The confusion of the political with the Christian-religious principle has indeed become official doctrine. We want to make this confusion clear in a few words. Speaking only of Christianity as the recognised religion, you have in your state Catholics and Protestants. Both make equal claims on the state, just as they have equal duties to it. They both leave their religious differences out of account and demand equally that the state should be the realisation of political and juridical reason. But you want a Christian state. If your state is only Lutheran-Christian, then for the Catholic it becomes a church to which he does not belong, which he must reject as heretical, and whose innermost essence is contrary to him. It is just the same the other way round. If, however, you make the general spirit of Christianity the particular spirit of your state, you nevertheless decide on the basis of your Protestant views what the general spirit of Christianity is. You define what a Christian state is, although the recent period has taught you that some government officials are unable to draw the line between the religious and the secular, between state and church. In regard to this confusion of ideas, it was not censors but diplomats who had, not to decide, but to negotiate. Finally, you are adopting a heretical point of view when you reject definite dogma as non-essential. If you call your state a general Christian state, you are admitting with a diplomatic turn of phrase that it is un-Christian. Hence either forbid religion to be introduced at all into politics - but you don't want that, for you want to base the state not on free reason, but on faith, religion being for you the general sanction for what exists - or allow also the fanatical introduction of religion into politics. Let religion concern itself with politics in its own way, but you don't want that either. Religion has to support the secular authority, without the latter subordinating itself to religion. Once you introduce religion into politics, it is intolerable, indeed irreligious, arrogance to want to determine secularly how religion has to act in political matters. He who wants to ally himself with religion owing to religious feelings must concede it the decisive voice in all questions, or do you perhaps understand by religion the cult of your own unlimited authority and governmental wisdom?

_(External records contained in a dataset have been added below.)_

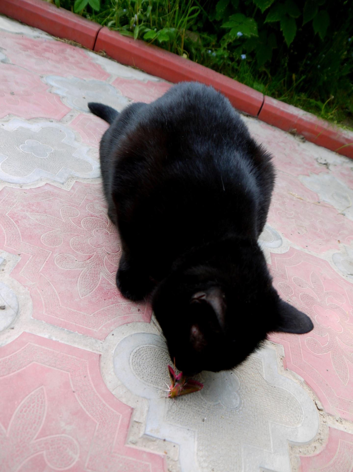 Одна наша, Мотя, и три нам «подкинула» полтора года назад наша дочь. Как объяснял всем мой муж: «дочь поменяла трех кошек на одного бойфрэнда» (теперь уже мужа). Собственно мы особо были и не против. Практически окончательно перебрались жить в загородный дом, и нам и всей нашей живности здесь хорошо и просторно. Наша собака Шарма, сразу же осознав свою ответственность за безопасность новых обитателей, поначалу принялась было их пасти и собирать в стаю. Но, получив несколько раз по морде от всех трех кошек, без исключения, она бросила это бесполезное занятие, и теперь гоняет только чужих котов. 1. Наша Мотя и Кика – самая старшая и авторитетная кошка (15 лет в этом году будет!) – по деревьям скачет, как молодая. Признает только Мотю, на остальных кошек шипит. 2, 3. Юля. (Лёлёк) – специалист по полёвкам и ящеркам. 4. Соня. (вид сверху) – любит бабочек, всяких жучков, паучков и лягушек. 5. Соня поймала что-то летающее (типа мотылька) Последний раз редактировалось Пелагея Ларина; 27.06.2011 в 09:47. |
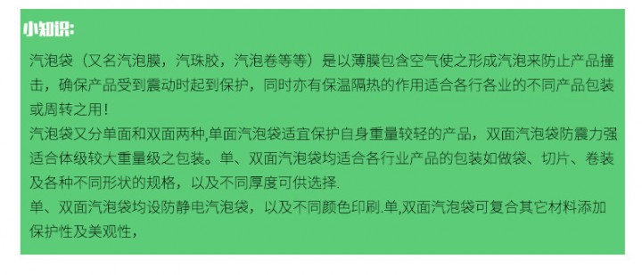 氣泡袋大(dà)小規格可(kě)定做,厚度(dù)可定做,氣(qì)泡袋可做(zuo)單層也可(kě)做雙層,可(ke)以免費打(dǎ)樣。
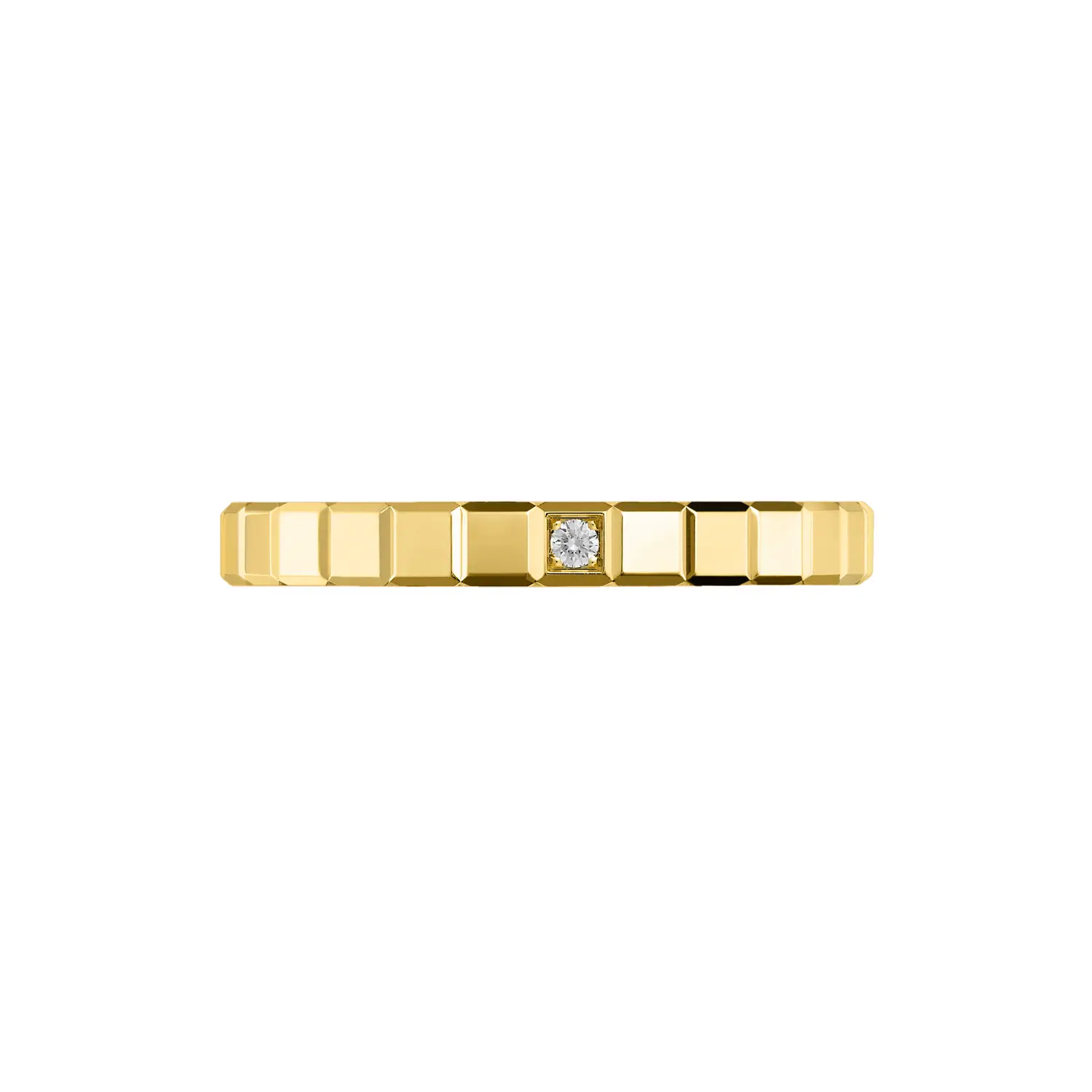 The Chopard Ice Cube Pure ring in 18k ethical yellow gold embodies a modern vision of elegance in its purest form. Its iconic cube-inspired design reflects light with every movement, creating a subtle play of golden reflections. The minimalist silhouette is enhanced by delicate diamonds totaling approximately 0.01 ct, adding a refined sparkle without compromising its harmonious simplicity.

There is yet another way in which the orthodox spirit of the new censorship instruction comes into conflict with the rationalism of the old censorship decree. The latter includes under the aim of the censorship also suppression of "what offends against morality and good manners". The instruction reproduces this passage as a quotation from Article II. Its commentary, however, while making additions as regards religion, contains omissions as regards morality. Offending against morality and good manners becomes violation of "propriety and manners and external decorum". One sees: morality as such, as the principle of a world that obeys its own laws, disappears, and in place of the essence external manifestations make their appearance, police respectability, conventional decorum. Honour to whom honour is due, we recognise true consistency here. The specifically Christian legislator cannot recognise morality as an independent sphere that is sacrosanct in itself, for he claims that its inner general essence belongs to religion. Independent morality offends against the general principles of religion, but the particular concepts of religion conflict with morality. Morality recognises only its own universal and rational religion, and religion recognises only its particular positive morality. Hence, according to this instruction, the censorship must reject the intellectual heroes of morality, such as Kant, Fichte and Spinoza, as irreligious, as violating propriety, manners, and external decorum. All these moralists start out from a contradiction in principle between morality and religion, for morality is based on the autonomy of the human mind, religion on its heteronomy. Let us turn from these undesirable innovations of the censorshipon the one hand, the weakening of its moral conscience, on the other hand, the rigorous heightening of its religious conscienceto what is more welcome, the concessions.
* * *
[. . . .] Thus the instruction wants to protect religion, but it violates the most general principle of all religions, the sanctity and inviolability of the subjective frame of mind. It makes the censor instead of God the judge of the heart. Thus it prohibits offensive utterances and defamatory judgments on individuals, but it exposes you every day to the defamatory and offensive judgment of the censor. [. . . .]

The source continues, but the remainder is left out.